Or maybe the rate of inflation is not what you are being told it is.

Regards,
Brad


----------



## Bene505 (Jul 31, 2008)

Brent Swain said:


> I have lived aboard mostly in BC ,near 50 degrees north ,for most of the last 40 years, very comfortably. I have no desire to ever live on land again. My costs are around $300 a month. I haven't paid moorage in decades. I stay anchored.
> My neighbours and clients say that their boat is the most comfortable dwelling they have ever lived in.
> Some have the opposite experience. Why? Lack of insulation, and no good heat source. Many of my clients have tried living aboard uninsulated fibreglass boats , and found living in one is like living in a melting block of ice. The inevitable deck leaks don't help any. My clients all have steel boats sprayfoamed with about 2inches of urethane spray foam, the driest type of boat possible. I believe the main reason so many give up trying to live aboard is because their only experience with living aboard has been plastic, or much worse, wooden boats, with no insulation, nor adequate heat source.
> I use an airtight woodstove, which dries out even the wettest interior in an hour or two. My steel hull and decks have no leaks .Welding is the best bedding compound ever invented.

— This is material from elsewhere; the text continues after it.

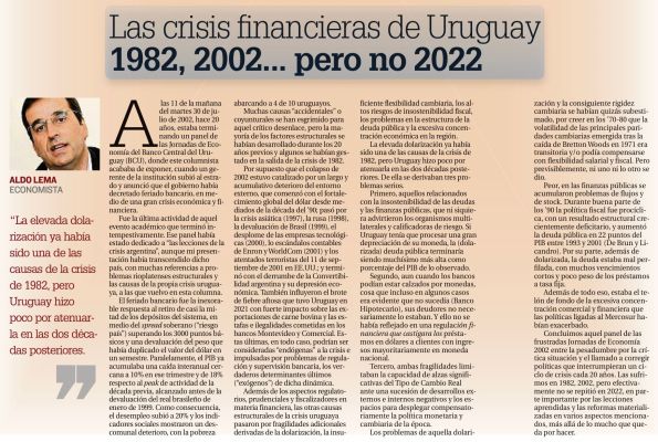Las crisis financieras de Uruguay: 1982, 2002, pero no 2022

Good post Brent. Would love to see a picture of your airtight woodstove. Do you have the double-walled flue for it?

Regards,
Brad


----------



## PCP (Dec 1, 2004)

outbound said:


> ....Paulo- I understand your Eurocentric view but there are some basic realities you repetitively ignore. Cost of design is a small fragment of total costs over a production run. If production house thought using a particular design house would noticeably increase profitability they would do so. Just because we are on the west side of the pond doesn't mean our moms had stupid children.
> Regards


What's wrong with you? Some days ago without anything to support it you called me racist (regarding jews and Blacks) and didn't apologize when I showed that I never had mentioned Jews or Blacks and that acusation was not only unfounded but ridiculous.

Now you pretend that I am calling stupid to the Americans

You say regarding Catalinas and Hunters that they design it in the house and don't use a main NA because that increases their profitability while European brands like Beneteau or Jeanneau (designed by major NA) sell in America more than Catalina or Hunter It seems to me that it would be natural that Americans would prefer American brands, all the things being the same.

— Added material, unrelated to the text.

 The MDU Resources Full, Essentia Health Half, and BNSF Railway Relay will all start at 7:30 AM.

What kind of logic is yours? Not only the sales of Catalina and Hunter are very residual in Europe as European brands sell in America more than american brands and you conclude that they are designed in the house to increase profibality?

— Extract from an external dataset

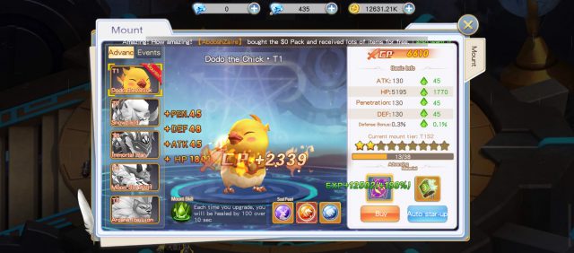นั่นเพราะตัวเกมจะมีระบบคอยช่วยเหลืออัพเกรดให้คนเล่นเป็นระยะไม่ว่าจะเป็นการอัพเกรดสัตว์ขี่ สัตว์เลี้ยง ปีก รวมไปถึงการอัพเกรดอุปกรณ์และสกิลที่จะสามารถเพิ่มพลังได้ในปุ่มเดียว ทุกอย่างของเกมออกแบบมาให้เล่นอย่างง่ายดายโดยที่คนเล่นไม่จำเป็นต้องคอยใส่ใจหรือต้องคอยมองหาอุปกรณ์ที่ดีที่สุดใส่ให้คนเล่นเลย เพราะระบบของเกมจะคอยเพิ่มคุณภาพของอุปกรณ์ให้คนเล่นได้ใช้กันเป็นระยะ
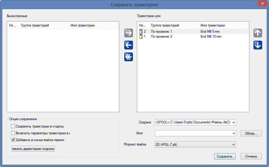 После создания и симуляции траекторий необходимо сохранить их в специальных файлах станков для последующего экспорта на станок с ЧПУ.

My point is that the reason the two main American brands are less competitive face to their European competitors has not to do with build quality but with a worse design, that is made in the house and not by the best NA.

What is your point (besides insulting me) regarding the lack of competitiveness of Hunter and Catalina regarding their European competitors?

Regards

Paulo


----------



## PCP (Dec 1, 2004)

mstern said:


> Yes, I call that a niche market. A rather small niche market. Boats in general, and sailboats in particular, are a luxury item, and a not terribly successful one at that. There is obviously some money to be made by sailboat manufacturers, but not much. People seem to be in the sailboat construction business for the same reason people buy sailboats: they love them. .....
> I think its the very definition of "niche" market.


You can only be kidding People are on the boat building business to earn Money...and lots of it. Sure, when the first boat of a new brand is built by an amateur or even by a professional that makes 2 or 3 boats a year we can probably talk about love (even if he had to pay employes and make a living), but regarding big companies that make more than 1000 boats a year and are owned by multinationals? You can only be kidding.

That does not mean that they do not make good boats because otherwise they will be out of business but they are there for making Money.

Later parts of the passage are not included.